I am using below spark streaming Scala code for consuming real time kafka message from producer topic. But the issue is sometime my job is failed due to server connectivity or some other reason and in my code auto commit property is set true due to that some message is lost and not able to store in my database.
So just want to know is there any way if we want to pull old kafka message from specific offset number. I tried to set "auto.offset.reset" is earliest or latest but it fetch only new message those is not yet commit.

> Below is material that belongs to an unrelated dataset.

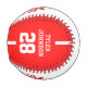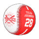 Celebrate team pride with this personalized red and white team baseball, designed for players, coaches, parents, and fans. This custom sports keepsake features your team’s logo, the player’s name, and their jersey number, all styled in a bold athletic layout with a clean sporty line running through the design.

Let's take the example here like my current offset number is 1060 and auto offset reset property is earliest so when I restart my job it starts reading the message from 1061 but in some case if I want to read old kafka message from offset number 1020 then is there any property that we can use to start the consuming message from specific offset number
import org.apache.spark._
import org.apache.spark.streaming._
import org.apache.spark.streaming.kafka010.ConsumerStrategies.Subscribe
import org.apache.spark.streaming.kafka010.LocationStrategies.PreferConsistent
import org.apache.spark.streaming.StreamingContext._
val conf = new SparkConf().setMaster("local[2]").setAppName("NetworkWordCount")
val ssc = new StreamingContext(conf, Seconds(1))
val topic = "test123"
val kafkaParams = Map(
"bootstrap.servers" -> "localhost:9092",
"key.deserializer" -> classOf[StringDeserializer],
"value.deserializer" -> classOf[KafkaAvroDeserializer],
"schema.registry.url" -> "http://abc.test.com:8089"
"group.id" -> "spark-streaming-notes",
"auto.offset.reset" -> "earliest"
"enable.auto.commit" -> true
)
val stream = KafkaUtils.createDirectStream[String, Object](
ssc,
PreferConsistent,
Subscribe[String, Object](topic, KafkaParams)
stream.print()
ssc.start()
ssc.awaitTermination()
CodePudding user response:
From Spark Streaming, you can't. You'd need to use kafka-consumer-groups
CLI to commit offsets specific to your group id. Or manually construct a KafkaConsumer instance and invoke commitSync before starting the Spark context.
import org.apache.kafka.clients.consumer.KafkaConsumer
val c = KafkaConsumer(...)
val toCommit: java.util.Map[TopicPartition,OffsetAndMetadata] = ...
c.commitSync(toCommit) // But don't do this every run of your app
ssc.start()
Alternatively, Structured Streaming does offer startingOffsets
config.
auto.offset.reset only applies to non existing group.id's